Bond Analyst Thinks LTCI Reserves Could Triple Over Next 10 Years

Robert Hauff said he believes most active, diversified issuers will muddle through.

Robert Hauff (left) and Thomas Gallagher share the podium at an S&P insurance conference in New York. (Photo: Allison Bell/TA)

Rating, bond and securities analysts at the S&P Global insurance conference said they are happy with the overall state of the U.S. life insurance industry.

The companies have coped well with the effects of the Great Recession and low interest rates, and they look as if they may be starting to come up a strategy for transferring annuity guarantee risk to other entities, the analysts said here today in New York, during several conference sessions.

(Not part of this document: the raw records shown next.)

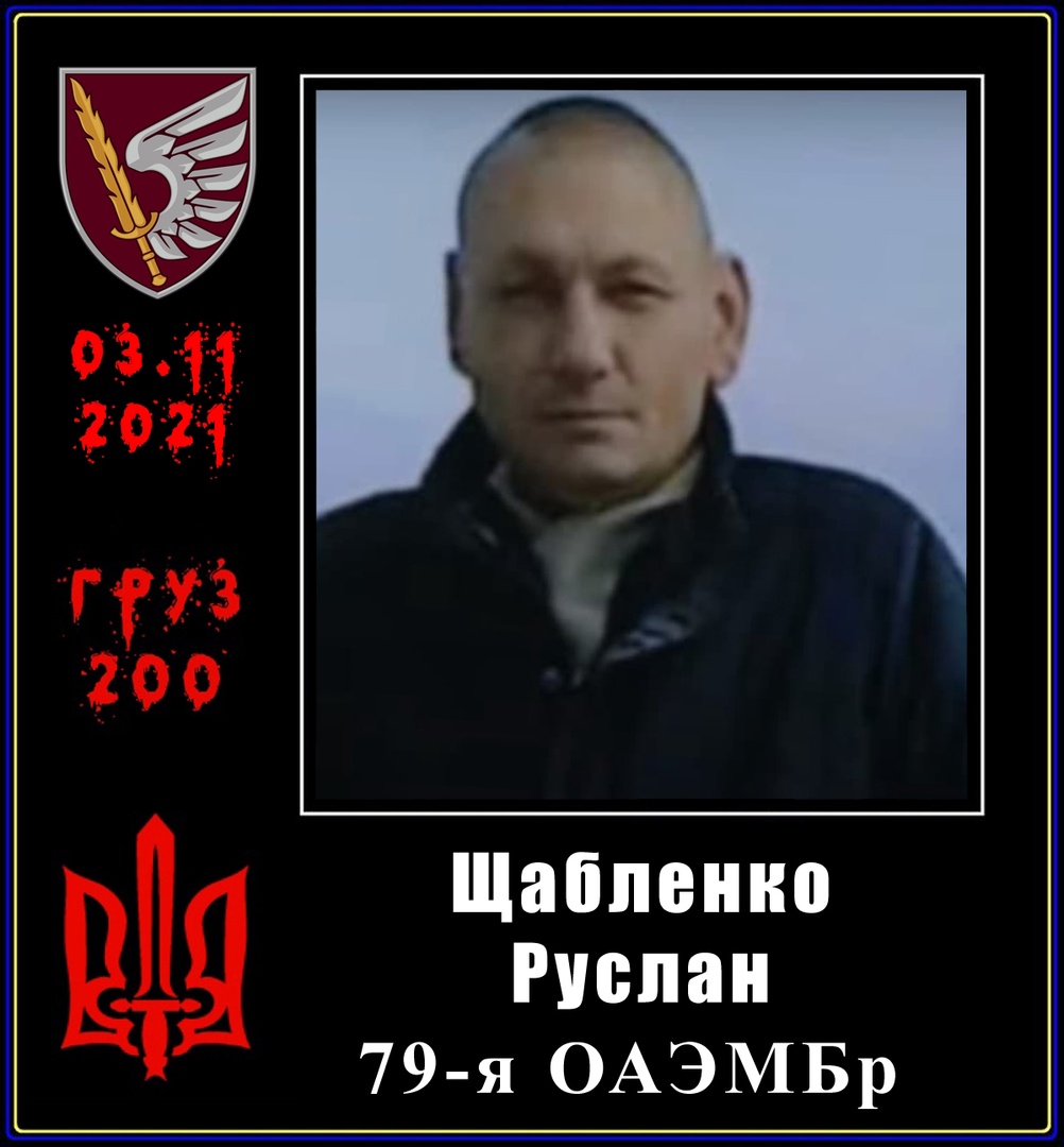 ► 03.11.2021 — Щабленко Руслан Александрович, 1976 г. р., участник «АТО» в составе 79-й ОАЭМБр. С 2014 года добровольно отправился в зону «АТО», где за деньги истреблял мирное население Донбасса.
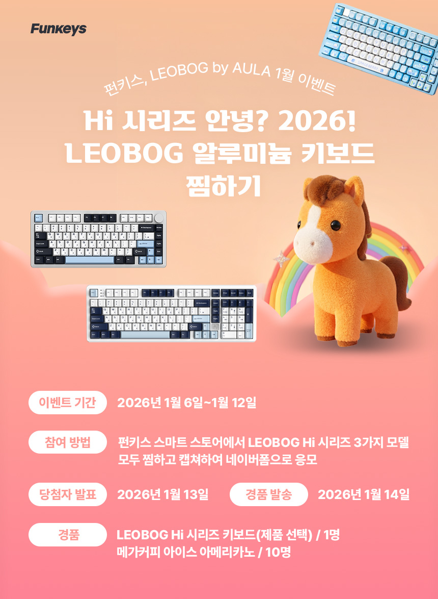 2026년 1월 6일부터 12일까지 펀키스, LEOBOG by AULA 1월 이벤트 Hi 시리즈 ‘안녕? 2026! LEOBOG 알루미늄 키보드 찜하기’ 가 진행됩니다.
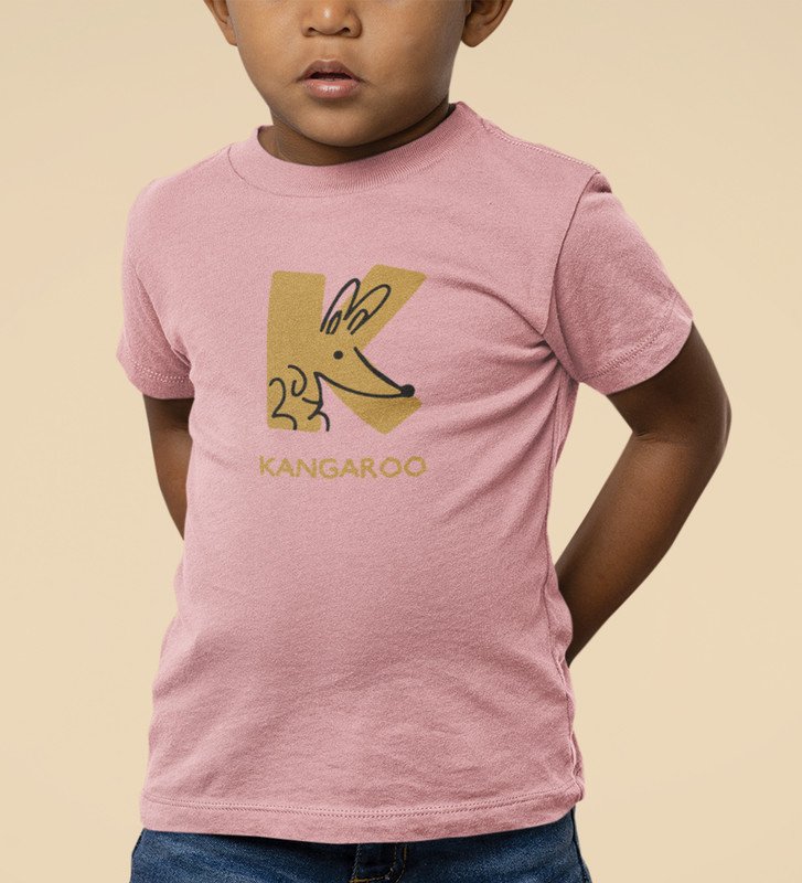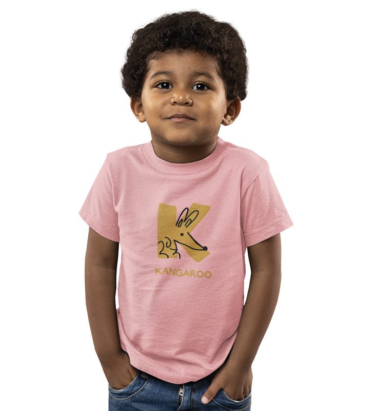 Kangaroo, Printed Cotton Tshirt (Baby pink) for Boys

The S&P conference is important because S&P views of insurers affect how much the insurers pay for financing and how much they can charge for insurance.

But Thomas Gallagher, a life insurance industry analyst at Evercore Partners Inc., and Robert Hauff, an insurance bond analyst at Wells Fargo Securities, said during a session on life sector trends that they still have concerns about insurers with large amounts of stand-alone long-term care insurance on their books.

(Related:  Investors Helping Life Insurers Shift to Pension Transfer Market: Analyst)

In the life sector as a whole, “I’m not seeing anything that’s keeping me up at night,” Hauff said.

Hauff emphasized that he believes that even most of the companies with large blocks of long-term care insurance business on their books will simply go through a few quarters of big reserve increases and then move on.

Many companies have argued that they have managed their blocks of long-term care insurance carefully and believe they have adequate reserves.

But Hauff and Gallagher said they are skeptical about assertions that reserve adequacy at General Electric’s long-term care insurance reinsurance business is much different from the level of reserve adequacy at other U.S. long-term care insurance and reinsurance businesses.

GE has said that it will add $15 billion to the reserves at its long-term care insurance reinsurance business.

Gallagher said he compared the GE long-term care insurance reinsurance business with other U.S. long-term care insurance operations and can see no major differences between the GE blocks of business and the U.S. long-term care insurance market as a whole.

Based on the apparent similarities between GE’s blocks of long-term care insurance reinsurance business and other U.S. long-term care insurance business, iand the reserve additions at GE, t’s possible that the rest of the long-term care insurance industry needs to make additions to reserves that are similar to what GE is making, the analysts said.

Hauff said he thinks it’s possible that, over the next 10 years, insurers may have to triple the size of the reserves backing long-term care insurance obligations.